Misconceptions about schizophrenia
When it comes to the topic of schizophrenia, there is quite a lot of misinformation regarding it. It’s more misinformed than any other mental health condition out there. A diagnosis of schizophrenia does not mean the person affected has a ‘split personality’ or mean that the person will be calm for one minute, and out of control the next. That is not what schizophrenia as a whole does. It often gets confused with psychopathic tendencies, or bi-polar disorder. Stories, movies and other forms of media often tend to present people with schizophrenia as dangerous and unhinged, even though most people diagnosed with the condition do not commit any violent crimes. Another misconception is that those affected upon who hear voices are dangerous and tell the person to commit a violent crime. This is not the case, in fact the voices are more likely to suggest they harm themselves than someone else and actually do have a choice in what the voices say to them.
Another misconception being that schizophrenia only involves delusions and hallucinations. This is incorrect. Psychosis is unusual and frightening, and its popular culture in media so it naturally associates schizophrenia with delusions and hallucinations more than any other symptom. This causes the misinformation with the positive and negative symptoms. Another big myth and misconception is that schizophrenia cannot be treated. Again, untrue. In older movies, or older generations in general, people suffering from the condition were taken away to institutions and left there for the rest of their lives in isolation. This obviously caused the condition to worsen and made people believe it was lost hope. It was often seen as receiving a life sentence in prison. Although it’s true it cannot be cured, it can be successfully treated with rehabilitation, psycho-social therapies and medication. Proper treatment however requires the person to come to terms with the condition, and seek the help they need, Institutions are there to help one another, not lock them away like the olden times.

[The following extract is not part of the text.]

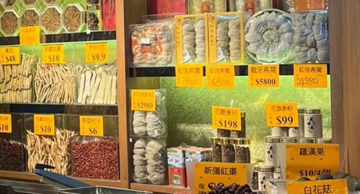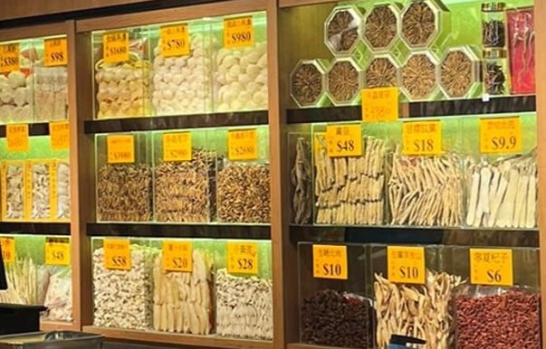燕窩、冬蟲夏草、花膠、海參、鮑魚、花旗參、海味乾貨、中藥材等

With the proper treatment from said professionals and institutions.. People with schizophrenia can start being themselves again and become completely healthy.
If you or someone you know and care for, are experiencing the symptoms of schizophrenia - you may wish to contact your GP or reach out to psychiatric professionals who can steer the affected in the right direction. If you do not feel comfortable approaching it that way, speaking to social services or a local community health team can also support you.
As you need urgent support, or feel like harming yourself or anyone else for that matter, head to the nearest hospital emergency department, or dial 911.
As scary as the condition might sound, getting the help you or someone you know, needs, is the first step to overcoming it.